Glycine administration attenuates progression of dystrophic pathology in prednisolone-treated dystrophin/utrophin null mice.

Duchenne muscular dystrophy (DMD) is an X-linked genetic disease characterized by progressive muscle wasting and weakness and premature death. Glucocorticoids (e.g. prednisolone) remain the only drugs with a favorable impact on DMD patients, but not without side effects. We have demonstrated that glycine preserves muscle in various wasting models. Since glycine effectively suppresses the activity of pro-inflammatory macrophages, we investigated the potential of glycine treatment to ameliorate the dystrophic pathology. Dystrophic mdx and dystrophin-utrophin null (dko) mice were treated with glycine or L-alanine (amino acid control) for up to 15 weeks and voluntary running distance (a quality of life marker and strong correlate of lifespan in dko mice) and muscle morphology were assessed.

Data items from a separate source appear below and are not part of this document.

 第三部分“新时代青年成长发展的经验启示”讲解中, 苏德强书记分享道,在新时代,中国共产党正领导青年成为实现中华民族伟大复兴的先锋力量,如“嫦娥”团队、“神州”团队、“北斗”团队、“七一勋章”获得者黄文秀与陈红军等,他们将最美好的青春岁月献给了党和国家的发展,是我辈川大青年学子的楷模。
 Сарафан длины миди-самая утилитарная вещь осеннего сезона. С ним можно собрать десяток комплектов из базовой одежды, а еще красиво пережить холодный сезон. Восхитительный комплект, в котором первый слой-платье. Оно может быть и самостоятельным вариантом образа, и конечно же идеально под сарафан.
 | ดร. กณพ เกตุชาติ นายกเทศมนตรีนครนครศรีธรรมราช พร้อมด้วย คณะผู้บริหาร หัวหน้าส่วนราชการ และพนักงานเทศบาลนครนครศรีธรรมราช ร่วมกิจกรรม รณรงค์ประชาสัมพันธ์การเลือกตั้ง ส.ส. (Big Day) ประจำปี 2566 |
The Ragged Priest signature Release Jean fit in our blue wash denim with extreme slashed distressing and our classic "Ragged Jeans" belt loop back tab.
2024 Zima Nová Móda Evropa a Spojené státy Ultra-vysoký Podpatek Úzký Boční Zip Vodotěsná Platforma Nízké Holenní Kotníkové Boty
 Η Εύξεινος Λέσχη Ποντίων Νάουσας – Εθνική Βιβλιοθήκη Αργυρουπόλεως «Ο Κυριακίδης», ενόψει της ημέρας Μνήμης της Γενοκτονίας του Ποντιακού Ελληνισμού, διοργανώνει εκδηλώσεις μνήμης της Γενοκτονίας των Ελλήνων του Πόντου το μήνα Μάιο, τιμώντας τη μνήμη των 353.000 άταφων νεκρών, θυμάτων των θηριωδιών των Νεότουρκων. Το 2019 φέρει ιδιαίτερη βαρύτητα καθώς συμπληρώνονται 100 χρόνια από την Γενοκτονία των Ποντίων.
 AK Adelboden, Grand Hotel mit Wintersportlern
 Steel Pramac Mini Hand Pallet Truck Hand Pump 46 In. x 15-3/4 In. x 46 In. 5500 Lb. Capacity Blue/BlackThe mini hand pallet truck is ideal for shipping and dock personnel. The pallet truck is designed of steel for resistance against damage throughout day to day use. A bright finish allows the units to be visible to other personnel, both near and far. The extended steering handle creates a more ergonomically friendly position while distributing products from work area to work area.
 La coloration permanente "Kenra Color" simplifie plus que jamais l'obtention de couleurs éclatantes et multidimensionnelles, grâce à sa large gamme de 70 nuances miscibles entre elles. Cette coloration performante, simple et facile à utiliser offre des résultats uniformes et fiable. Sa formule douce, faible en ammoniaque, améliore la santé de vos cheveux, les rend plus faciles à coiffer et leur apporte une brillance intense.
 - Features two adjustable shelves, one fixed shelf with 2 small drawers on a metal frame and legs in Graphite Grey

Glycine increased voluntary running distance in mdx mice by 90% (P < 0.05) after 2 weeks and by 60% (P < 0.01) in dko mice co-treated with prednisolone over an 8 week treatment period. Glycine treatment attenuated fibrotic deposition in the diaphragm by 28% (P < 0.05) after 10 weeks in mdx mice and by 22% (P < 0.02) after 14 weeks in dko mice. Glycine treatment augmented the prednisolone-induced reduction in fibrosis in diaphragm muscles of dko mice (23%, P < 0.05) after 8 weeks. Our findings provide strong evidence that glycine supplementation may be a safe, simple and effective adjuvant for improving the efficacy of prednisolone treatment and improving the quality of life for DMD patients.